MR KEANE: Well, your Honour, with respect, in terms, the finding that your Honour the presiding Judge has referred to at page 10 at the bottom, that finding to the effect that the Bank said, "This assessment is your responsibility entirely", really leaves that argument, in our respectful submission, with little ultimate prospect of success of being accepted. The difficulty for the applicant really is that they cannot get away from having a bit of a go at the notion that the parties were not absolutely at arm's length. Now, one can say that while there may be a number of factors which go to an assessment of whether a failure to disclose is misleading or deceptive, in so far as it is sought to lift the misleading and deceptive conduct case up - - -

GUMMOW J: Well, I think the Court of Appeal may have interpreted some of these cases too narrowly, but your strength probably lies in the actual facts of this case.

MR KEANE: Quite, your Honour, and, in our respectful submission, the difficulty that the applicant faces is a series of facts found unfavourably for them. Importantly, they are facts that the applicants knew the hotel was trading at a loss when they bought it and they knew it was unable to service its borrowings - that is at page 13, lines 6 to 10, and the Court of Appeal, page 40, lines 5 to 10 - and they were told that the respondent, the Bank, did not accept that the business would trade satisfactorily in the future. That was the applicant's responsibility, or the assessment of that was their responsibility, and they were put on notice that they were being given the loan because of the security and their record as customers.

So that, even apart from the finding that there was relevantly no reliance, because, in truth, the findings were acting on their own assessment, in our respectful submission, it can hardly be said to have been misleading or deceptive not to have provided them with a valuation in circumstances where they knew they were not being provided with it - they had asked for it and had been refused, they had no basis for expecting advice - and they were told that the decision they were making was their own.
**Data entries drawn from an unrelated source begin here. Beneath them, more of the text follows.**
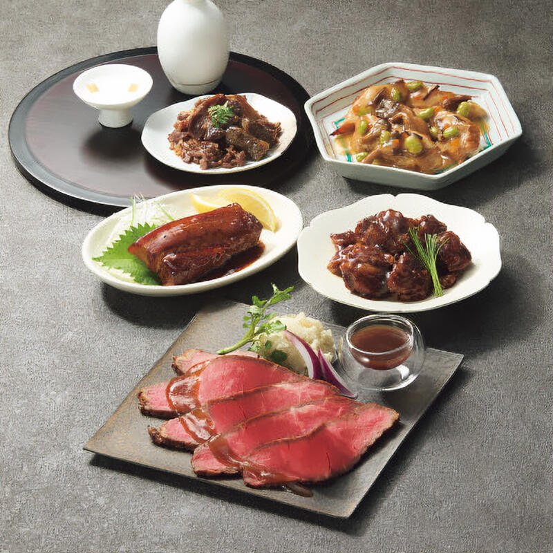 賛否両論(サーロインローストビーフ350g、牛とろとろ煮・鶏肉と野菜の炊き合わせ各150g、豚角煮香味醤油仕立て130g、牛しぐれ煮ごぼう55g)、ローストビーフソース和風ゆず風味60g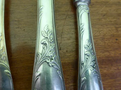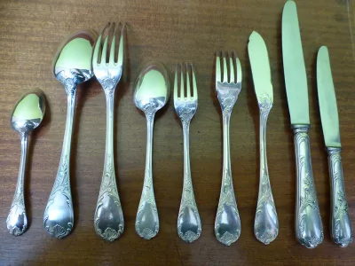 Caja de cubiertos de roble que contiene 123 piezas de cubiertos Christofle en placa de plata, modelo Marly: - 12 tenedores grandes - 12 cucharas grandes - 12 cuchillos grandes - 12 cucharas - 12 tenedores de postre - 12 cuchillos de postre - 12 tenedores de pescado - 12 cuchillos de pescado - 1 cucharón - 11 cucharas de postre - 1 cuchara grande para servir - 1 tenedor grande para servir - 1 cuchillo de trinchar - 1 rebanada de pastel - 11 piezas para servir Todas las piezas están firmadas Christofle. Tenemos más cubiertos Christofle disponibles para completar el servicio a pedido.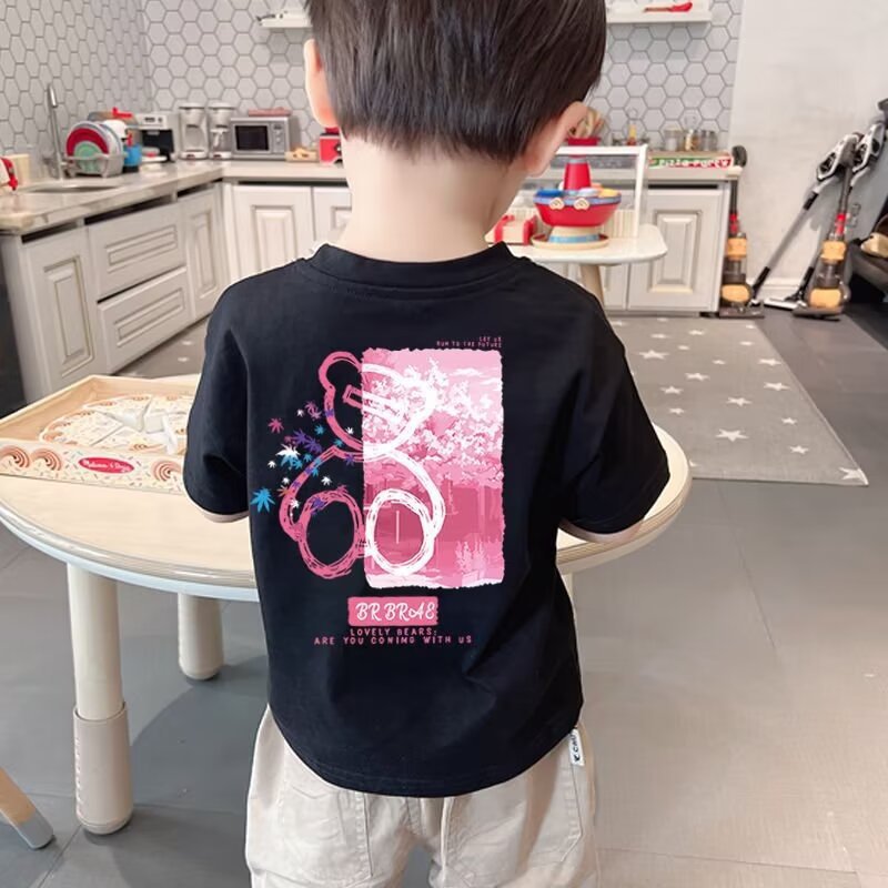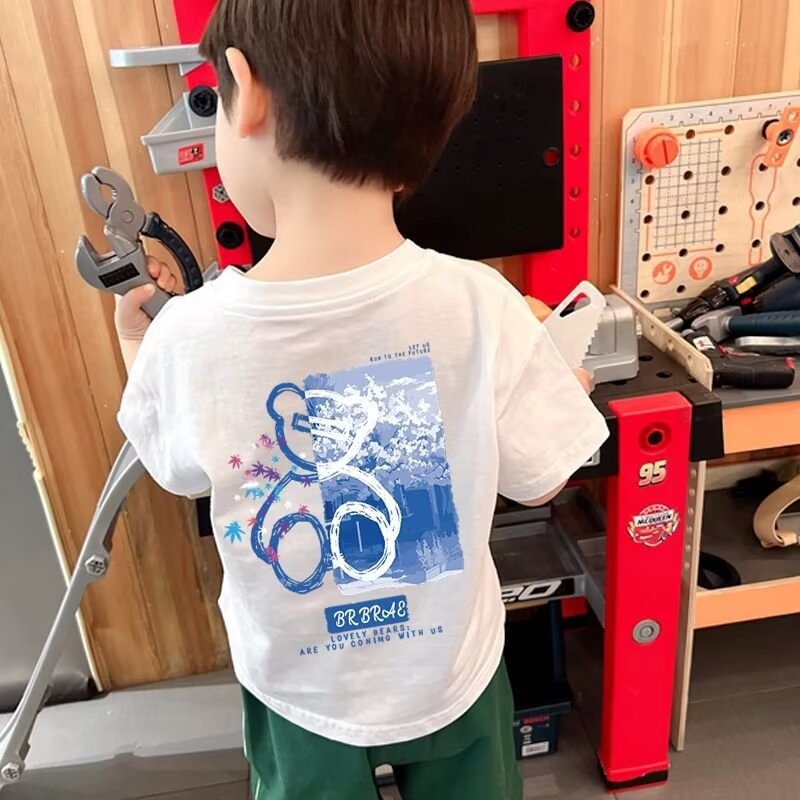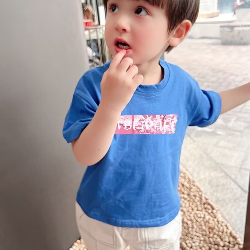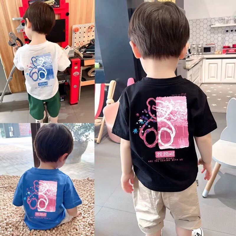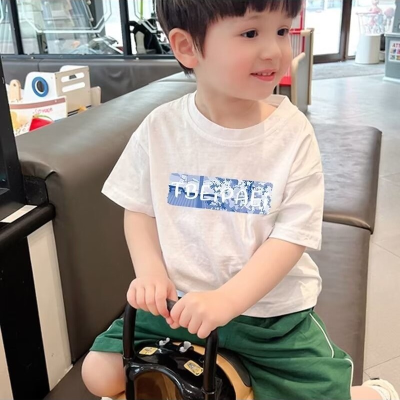 소년 반소매 티셔츠 2025 새로운 어린이 의류 탑 어린이 여름 패션 의류 여름 옷 소년 반소매 티셔츠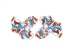 Le FAD est fixé dans une crevasse entre les domaines II et III tandis que la molécule d'AMP est liée au domaine III.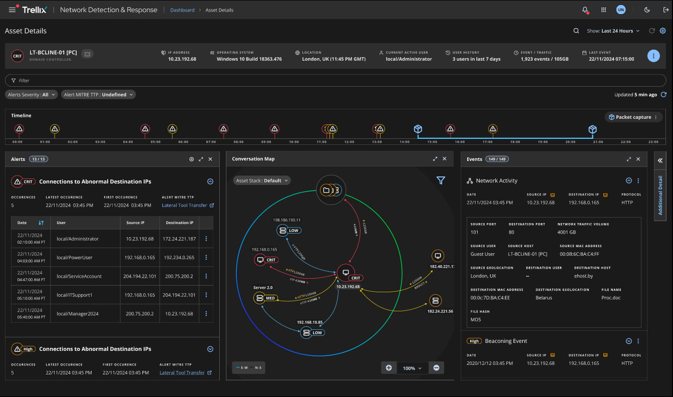 El grafo de conversación integrado revela relaciones de red tanto primarias como secundarias, permitiendo a los analistas identificar rápidamente posibles rutas de movimiento lateral. La visualización en línea de tiempo muestra la progresión de las alertas y los cambios en la actividad de red, proporcionando un contexto crucial para comprender la evolución de un ataque y los indicadores de compromiso del sistema.

It seems to us, with respect, to be a case that does not warrant a grant of special leave on a footing that those findings are not such as to be able to be conjured into a theory of liability on the part of the Bank. Those are our submissions, unless the Court has something for us.

GAUDRON J: Thank you. Yes, Mr Jackson.

MR JACKSON: Your Honours, may I just say something in relation to the question of independent advice. My learned friends rely on a finding that appears at the top of page 16, but it is apparent from that, that that referred back to the findings that were made at pages 13 and 14, to which we had referred in our submissions in-chief, and, your Honours, it is dependant on that for its validity.

GAUDRON J: Yes, thank you.

The Court of Appeal may have given too narrow an interpretation of the scope of section 52 of the Trade Practices Act 1974 in its judgment in this matter. However, given the facts of this case and, in particular, the terms on which the Bank approved finance for the purchase of the hotel, there is an insufficient basis for doubting the correctness of the actual decision of the Court of Appeal in this matter. Accordingly, special leave is refused and it will be refused with costs, costs having been the subject of attention in the written submissions.